Двигаться я не мог и долго стоял в абсолютной тишине и непереносимой вони среди сплошной темноты. Первая мысль, которая пришла мне в голову, был вопрос: почему зверь не бьет во второй раз, если в первый промахнулся? А потом подумал: но где же люди, сторож, наконец? Еще постоял, начиная понемногу приходить в себя, и зашарил по стене в поиске выключателя. Ни на одной стене его не нашел и зажег спичку, чтобы осмотреть дверь кабинета. В слабом, трепетном, зловещем свете я увидел жуткую, черную проломленную дыру с торчащими щепками. На примыкающей двери — тот же след когтей, что и на учебнике эстетики, только намного длиннее и глубже. Мне стало так страшно, что я задрожал, как осенний лист на ветру, готовый упасть. Быстро вошел в кабинет, забрал в охапку свои вещи и опрометью выбежал из училища.

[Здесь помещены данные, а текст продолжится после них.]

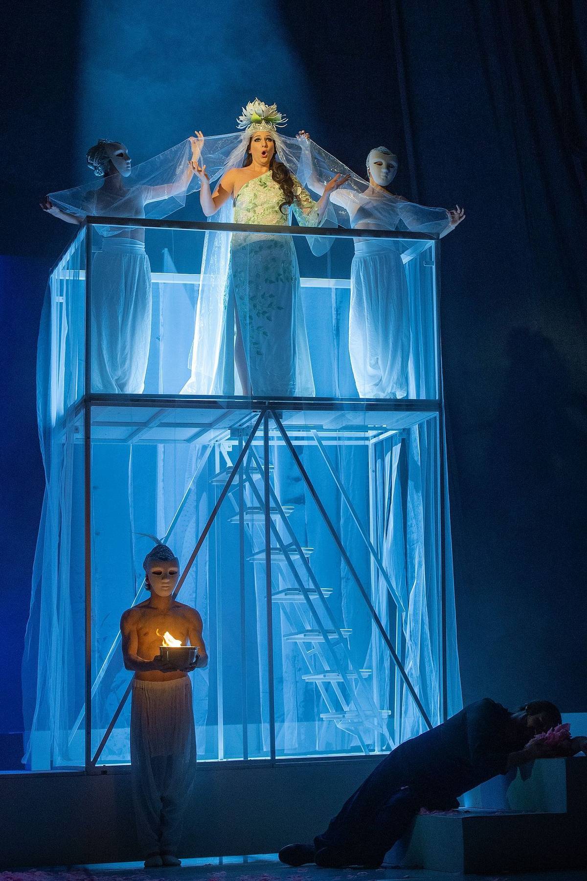 Lívia Obručník Vénosová jako Leila (nahoře) na zkoušce Lovců perel.

На улице было убийственно тихо, мертвым светом горели звезды на черном небе, и опять вокруг ни души. Я шел, спотыкаясь, задыхаясь от страха, и одна мысль, одно желание, охватили всего меня: слава Богу, я чудом спасся, остался жив, а сейчас надо немедленно собираться и бежать отсюда, бежать немедленно, пока жив! Мне казалось, что меня встретят за углом приближающегося общежития и наконец-то убьют. Мои шаги замедлялись, но я пересиливал себя и шел, шел, больше всего желая встретить хоть одного прохожего. Но вот я обратил внимание на мирно светящиеся окна моего дома, и стало немного легче. Смог взять себя в руки, умеренным шагом дошел до общежития, завернул за угол: перед подъездом и на лавочке увидел несколько ребят и девушек, мы поздоровались. Как можно спокойнее открыл дверь, зашел и даже смог перемолвиться парой слов с воспитателем Хасанычем и знакомой вахтершей, потом прошел в свою гостиницу. Здесь я бухнулся на первую попавшуюся кровать, замер в каком-то оцепенелом безразличии, потом весь встрепенулся и в ужасном отчаянии стал кататься по ней и бить по матрасу руками. Что делать? Это конец!
Очнулся, когда услышал громкий стук в дверь. Он помог мне овладеть собой, и я пошел открывать. Это был Хасаныч, встревоженный, но улыбающийся, в руках он держал рулон ватмана.
- Ты что, Лексеич, борешься с кем-нибудь — шум такой, как будто бьет тебя кто, я забеспокоился: вдруг к тебе кто залез…
- Борюсь, борюсь, Хасаныч… борюсь… с самим собой.
- Это как?
- Шучу: разминался немного на кровати, не на полу же валяться.
- Ну да, на кровати мягче… Ну как тебе новая жизнь, как оглоеды наши: справляешься?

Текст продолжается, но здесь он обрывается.